Exercise requirements => Copy the opening lines of the listing exactly, through and including the line with "10月29日晚7时,A17中"; do not copy any pictures.

Dataset extract =>
Start of Block

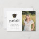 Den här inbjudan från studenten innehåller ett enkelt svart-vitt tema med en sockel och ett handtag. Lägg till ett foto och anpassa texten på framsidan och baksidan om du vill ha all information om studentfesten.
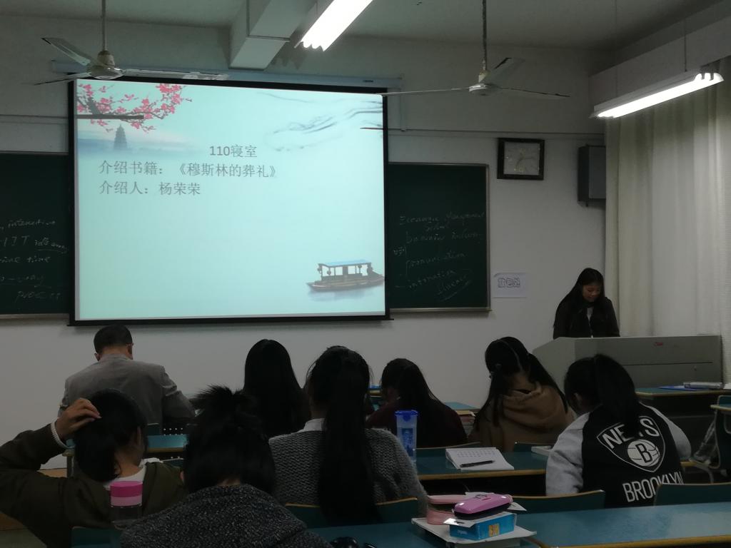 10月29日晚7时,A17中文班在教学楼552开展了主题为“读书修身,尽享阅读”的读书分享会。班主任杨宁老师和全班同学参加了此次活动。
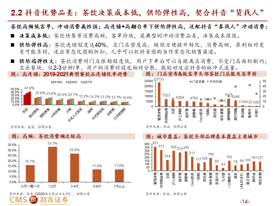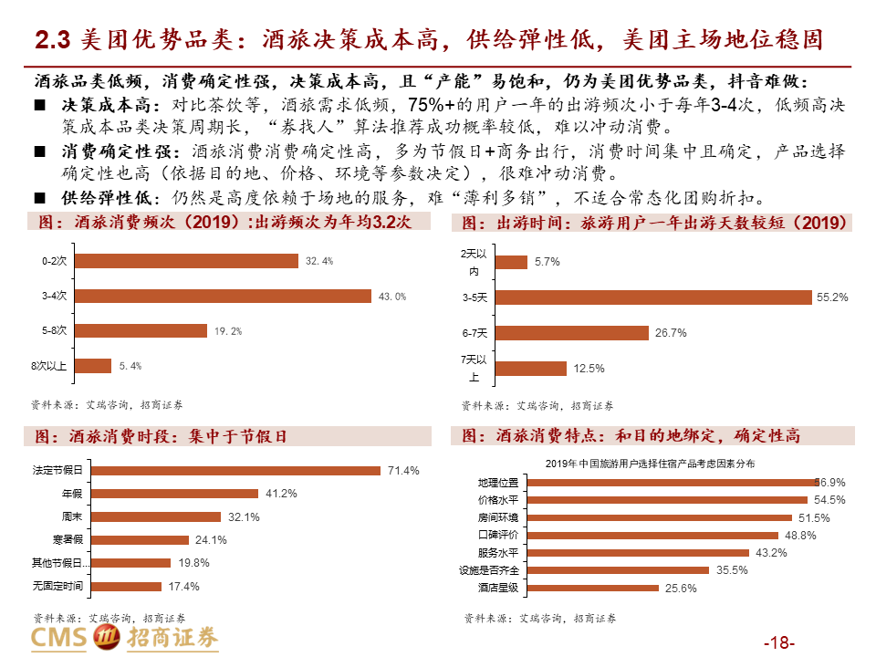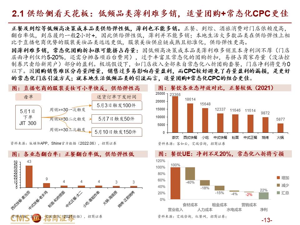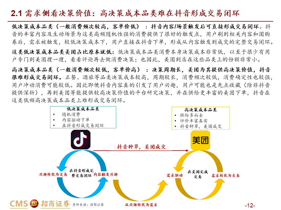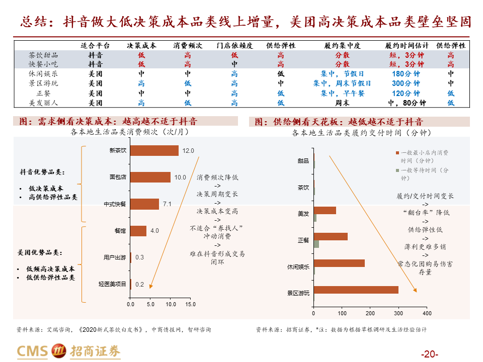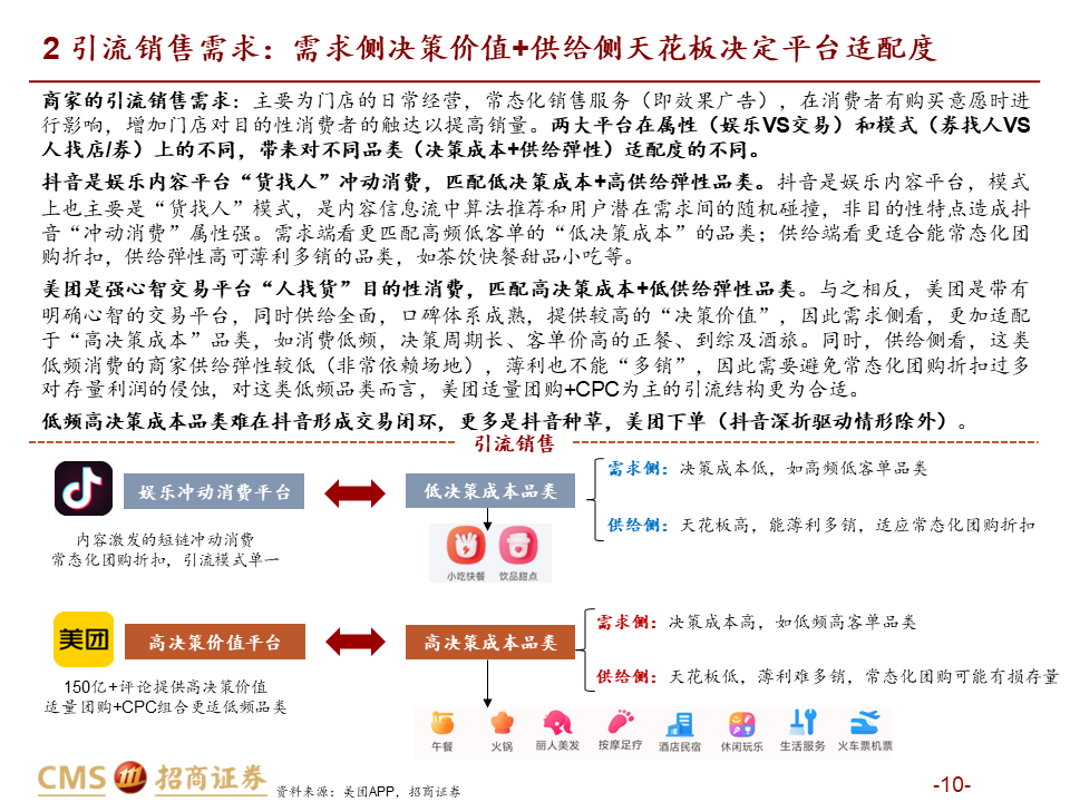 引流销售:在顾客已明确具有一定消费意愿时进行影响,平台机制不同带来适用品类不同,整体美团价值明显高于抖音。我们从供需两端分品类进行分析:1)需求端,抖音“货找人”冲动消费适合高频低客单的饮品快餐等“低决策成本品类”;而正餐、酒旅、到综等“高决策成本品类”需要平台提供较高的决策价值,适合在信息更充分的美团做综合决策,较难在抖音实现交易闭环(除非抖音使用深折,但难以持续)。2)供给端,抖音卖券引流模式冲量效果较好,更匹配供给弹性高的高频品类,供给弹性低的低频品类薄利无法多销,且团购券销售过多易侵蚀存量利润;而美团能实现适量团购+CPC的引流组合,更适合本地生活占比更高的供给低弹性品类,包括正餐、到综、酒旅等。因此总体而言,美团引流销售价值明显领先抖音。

End of Block

Solution for this exercise =>
 Den här inbjudan från studenten innehåller ett enkelt svart-vitt tema med en sockel och ett handtag. Lägg till ett foto och anpassa texten på framsidan och baksidan om du vill ha all information om studentfesten.
 10月29日晚7时,A17中文班在教学楼552开展了主题为“读书修身,尽享阅读”的读书分享会。班主任杨宁老师和全班同学参加了此次活动。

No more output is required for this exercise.